● Task objective
Pictures appear among the records below and must be omitted. Repeat exactly the lines from the line with "Короткая трикотажная майка-топ" to the line with "(Oh you? Open", both included.

● Dataset extract
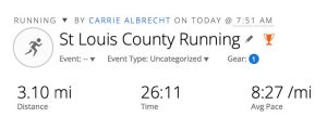 I did this race on a trail by my house, so I’m not going to include the map, but this is what my Garmin gave me for my 5K time. I had an 11 second PR, so it gave me a little trophy! One goal for this race was that I wanted to get my first 7 minute mile during the first mile. I did it! Even though it was close at 7:58!!
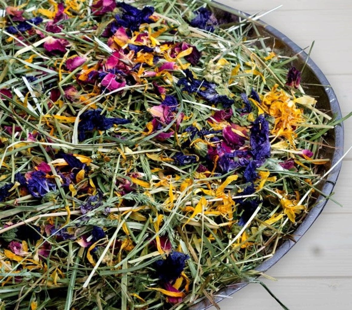 Seno, Kvety slezu, Kvety nechtíka lekárskeho, Kvety ruží, Kvety harmančeka (1,5 % Kvety)
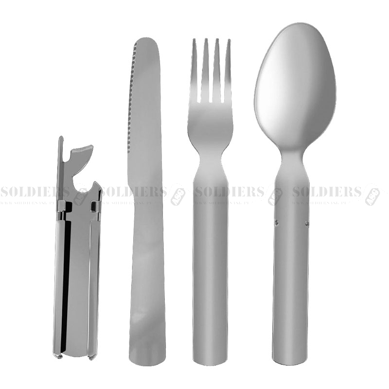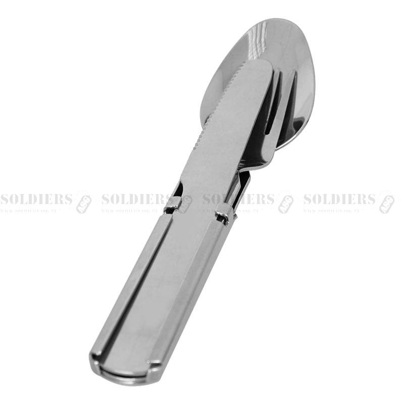 Łyżka i pełnowymiarowy widelec wykonane są z wysokiej jakości, polerowanej stali nierdzewnej. Gruba stal sprawia, że sztućce są bardzo solidne, nie wyginają się i są odporne na wysokie temperatury. Rękojeść do składania całości w jeden ergonomiczny element.
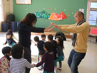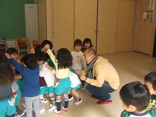 みんなで大きな輪になって、橋を作ってくれた先生に捕まらないように
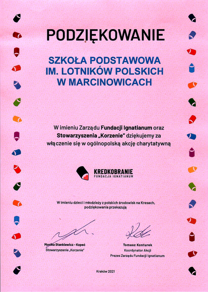 20 lutego 2022 Aktualności PODZIĘKOWANIE ZA KREDKOBRANIE 2021 Przez cały wrzesień 2021 roku trwała w naszej szkole akcja charytatywna „Kredkobranie”. Uczniowie i Rodzice po raz kolejny pokazali wielkie zaangażowanie, wrażliwość i hojność. Dzięki wielkim... Czytaj więcej
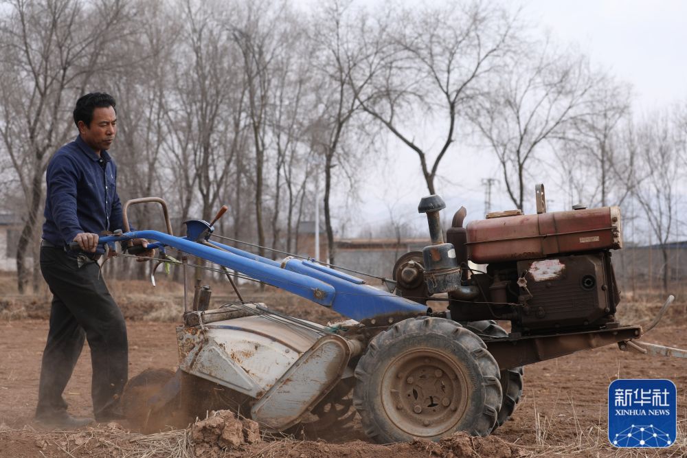 2月19日,在青海省海東市民和回族土族自治縣中川鄉(xiāng)光明村,村民操作農(nóng)機(jī)在田間作業(yè)。
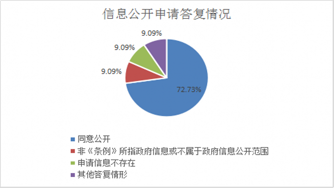 本局2018年全年答复政府信息公开申请11件,其中同意公开8件,占72.73%;非《条例》所指政府信息或不属于政府信息公开范围1件,占9.09%;申请信息不存在1件,占9.09%;其他答复情形1件,占9.09%;全年无不予公开情况。
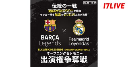 サッカー界のレジェンドが集う「エル・クラシコレジェンズ」オープニングセレモニー出演権をかけたライブ配信イベントが17LIVEで本日開始
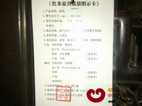 據(jù)記者了解,《深色名貴硬木家具》行業(yè)標準中很重要的一點就是要求企業(yè)在出售家具時必須做到質(zhì)量明示,而質(zhì)量明示應通過質(zhì)量明示卡來體現(xiàn)。
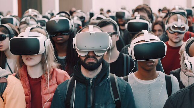crowd of deceived people in vr glasses, generative ai
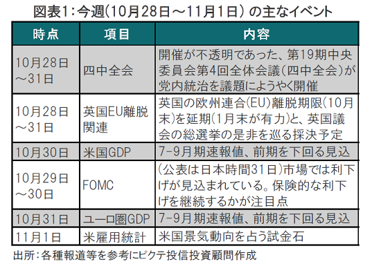 今週は重要イベントが目白押しです。経済では欧米でGDP(国内総生産)などが公表されます。また、FOMCでは今後の金融政策の方針が注目されます。政治では、10月末の離脱期限を前に、英国の合意なき離脱のリスクは低下しましたが、今後の動向を占う上で今週の動きに注目しています。中国の四中全会は地味な印象ですが開催されたことに意味があると思われます。
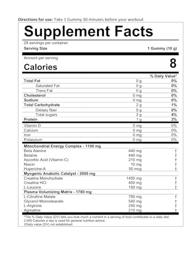 Each gummy is a powerhouse, containing a potent blend of 5 grams of essential ingredients, including Beta Alanine, Huperzine A, Creatine, L-Citrulline, Glycerol Monostearate, L-Arginine, and Agmatine. With every chew, you’ll elevate your workout with increased strength, extended endurance, and the ultimate pump that screams success.
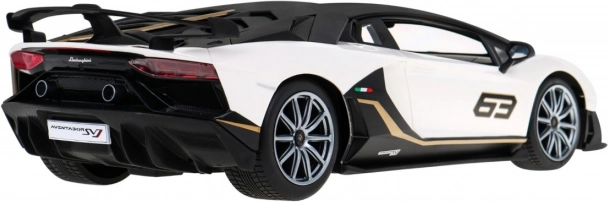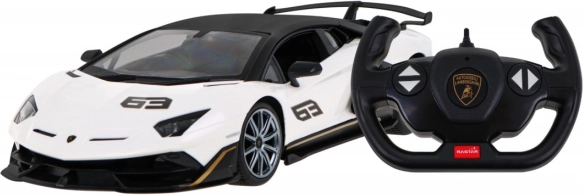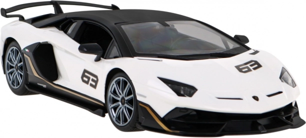 Modèle RC réaliste Lamborghini Aventador SVJ de la marque RASTAR à l’échelle 1:14, offrant une reproduction précise des détails, une conduite fluide dans toutes les directions et un contrôle stable en 2,4 GHz. Grâce aux phares LED, aux pneus en caoutchouc et à la suspension indépendante, il procure une excellente expérience de conduite pour les amateurs exigeants, petits et grands, de supercars.
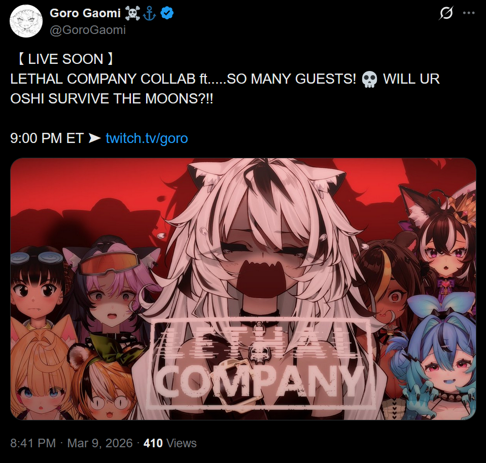 >>110115411you forgot to include dozens of other vtubersthe answer is, nobody cares
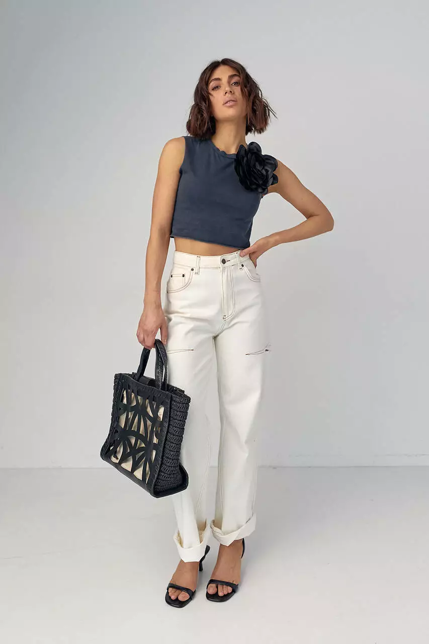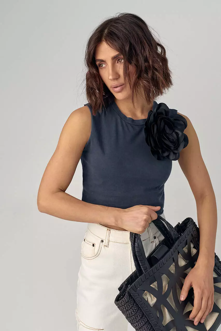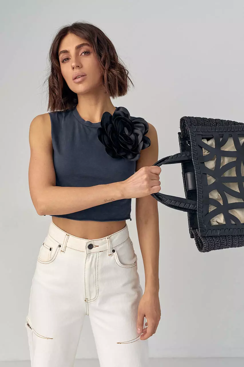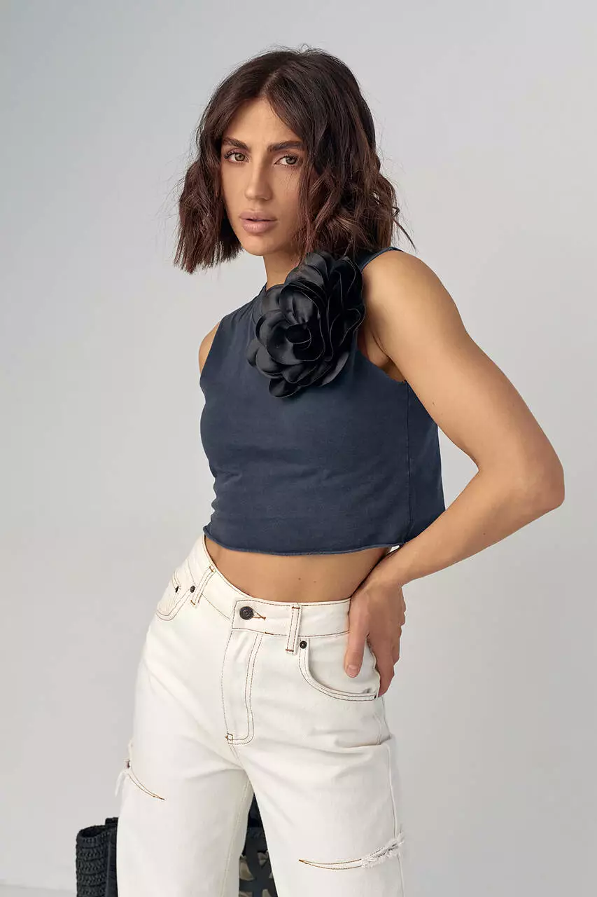 Короткая трикотажная майка-топ с объемным цветком - черный цвет, S (есть размеры)
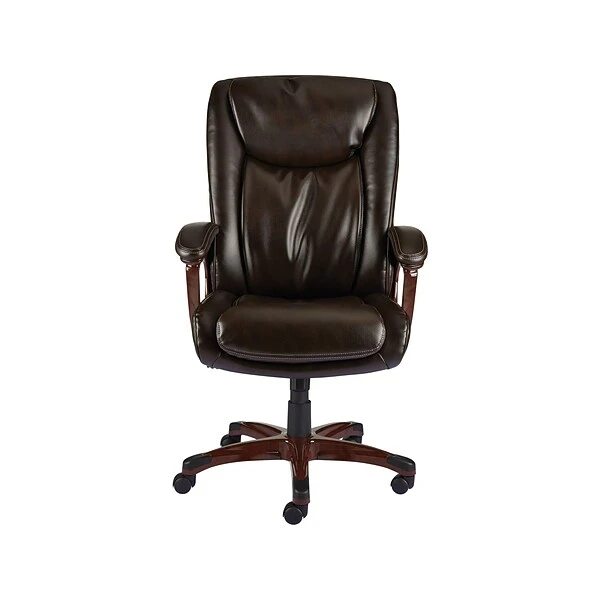 Set the tone of business with this handsome Westcliffe bonded leather manager’s chair. With brown bonded leather and matching wood-like accents, this executive armchair elevates the stature of the manager’s office. The upholstered back delivers extra cushioning, built-in lumbar support and padded elbow rests offer a comfortable seat. The back offers further accommodation with tilt tension for individualizing your preferred reclining pressure, while the tilt-lock setting lets you dial in your own reclining angle. The seat height is fully adjustable for optimal positioning. With a swivel feature and five casters on a wide, stable base, this Westcliffe bonded leather manager’s chair lets you pivot effortlessly between workstations.
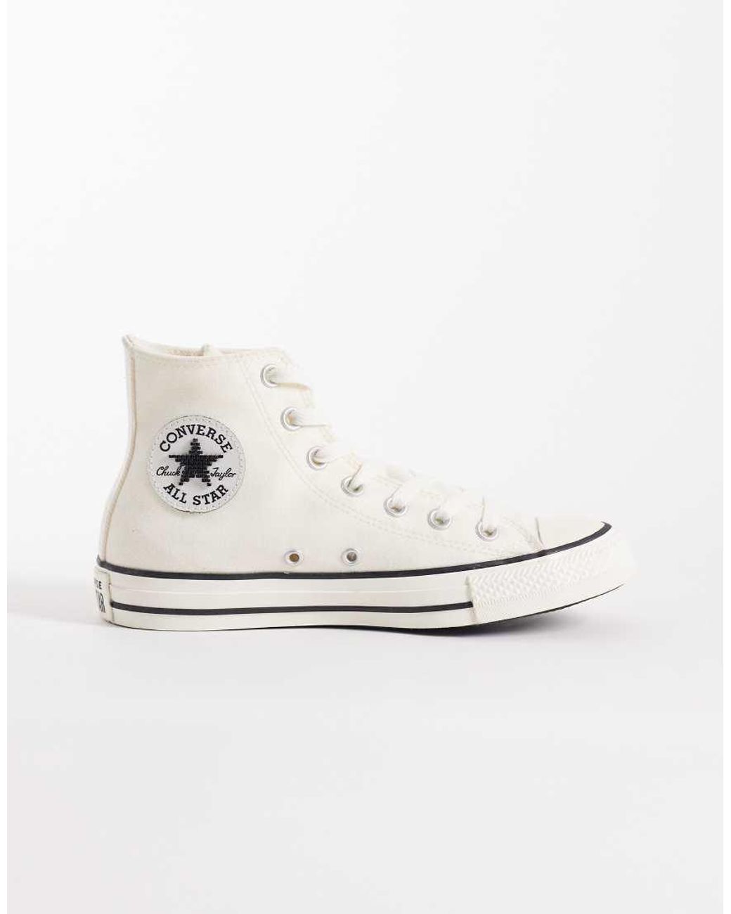Schoenen van Converse Hoog model Sluit met veters Kenmerkende Converse All Star-branding Oogjes aan de binnenkant van de voet voor ventilatie Gevulkaniseerde rubberen neus en loopzool Met kralen Geometrisch gripprofiel Kleur: wit
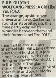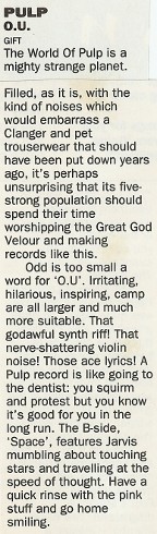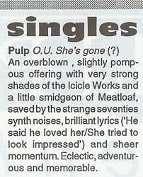 "O.U." (Oh you? Open University?) is three minutes of staggering popgasm. Sharing a similar disdain for the age as Suede (which, of course, makes it feverishly modern) its prime difference is that it is out of control. Jarvis Cocker's love-life brims, it seems, with the elation that comes with phenomenal doubt, pain and failure. "Cherish and be damned" is Pulp's implicit motto, while Suede are more the, "Damn and be cherished" types.
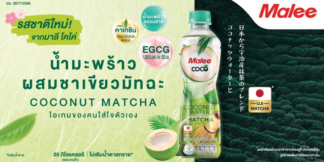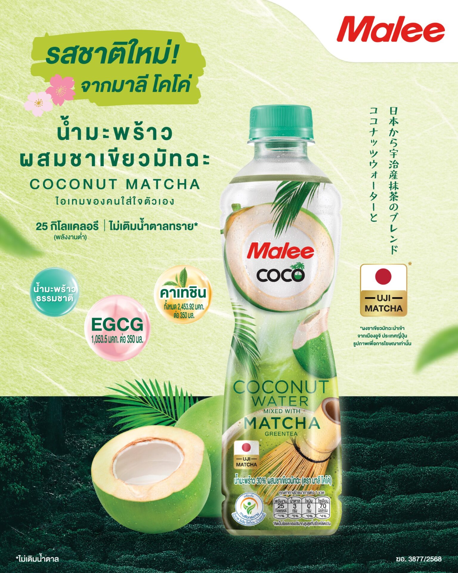 บมจ. มาลี กรุ๊ปหรือ MALEE  เขย่าตลาดเครื่องดื่มน้ำมะพร้าวพร้อมดื่ม สร้างปรากฏการณ์ใหม่ ขยายพอร์ตสินค้าตอบโจทย์ไลฟ์สไตล์ที่หลากหลายเป็นมากกว่าน้ำผลไม้ เปิดตัว ‘Malee COCO Coconut Matcha’ ครั้งแรกการผสานที่ลงตัวของน้ำมะพร้าวธรรมชาติแท้จากลูกและชาเขียวอูจิมัทฉะจากญี่ปุ่น ชูจุดเด่น “อร่อย สดชื่น” ทางเลือกใหม่ของผู้ที่ใส่ใจสุขภาพ ผสานสารประกอบธรรมชาติจาก EGCG และคาเทชิน ให้รสชาติและประสบการณ์ที่เป็นเอกลักษณ์ ตอบโจทย์อินไซต์คนรุ่นใหม่ที่ใส่ใจสุขภาพแบบองค์รวมและมีไลฟ์สไตล์แอคทีฟใช้ชีวิตแบบบาลานซ์ ปักธงแบรนด์ชั้นนำตลาดน้ำมะพร้าว มุ่งเพิ่มส่วนแบ่งตลาดเป็น 35% ในปี 2569
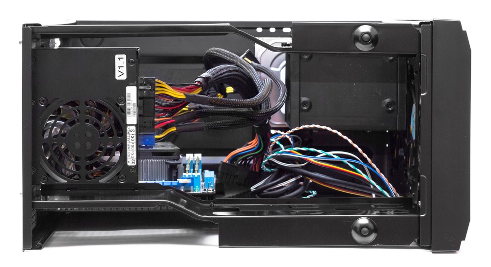 Системная плата устанавливается процессорным кулером вниз, а слотами расширения, соответственно, вверх. При этом основание системной платы находится у левой боковой стенки, а снимать для обслуживания ПК нужно в первую очередь правую. Если собирать компьютеры редко, то такое расположение не должно вызывать негативных эмоций. Зато сборщиков со стажем такая конструкция шасси почти наверняка заставит сделать несколько ошибочных действий. Например, снять не ту боковую стенку, открутить верхние заглушки для установки первой видеокарты вместо нижних, поставить заглушку задних портов ввода/вывода вверх ногами и так далее.

● Result
 Короткая трикотажная майка-топ с объемным цветком - черный цвет, S (есть размеры)
 Set the tone of business with this handsome Westcliffe bonded leather manager’s chair. With brown bonded leather and matching wood-like accents, this executive armchair elevates the stature of the manager’s office. The upholstered back delivers extra cushioning, built-in lumbar support and padded elbow rests offer a comfortable seat. The back offers further accommodation with tilt tension for individualizing your preferred reclining pressure, while the tilt-lock setting lets you dial in your own reclining angle. The seat height is fully adjustable for optimal positioning. With a swivel feature and five casters on a wide, stable base, this Westcliffe bonded leather manager’s chair lets you pivot effortlessly between workstations.
Schoenen van Converse Hoog model Sluit met veters Kenmerkende Converse All Star-branding Oogjes aan de binnenkant van de voet voor ventilatie Gevulkaniseerde rubberen neus en loopzool Met kralen Geometrisch gripprofiel Kleur: wit
 "O.U." (Oh you? Open University?) is three minutes of staggering popgasm. Sharing a similar disdain for the age as Suede (which, of course, makes it feverishly modern) its prime difference is that it is out of control. Jarvis Cocker's love-life brims, it seems, with the elation that comes with phenomenal doubt, pain and failure. "Cherish and be damned" is Pulp's implicit motto, while Suede are more the, "Damn and be cherished" types.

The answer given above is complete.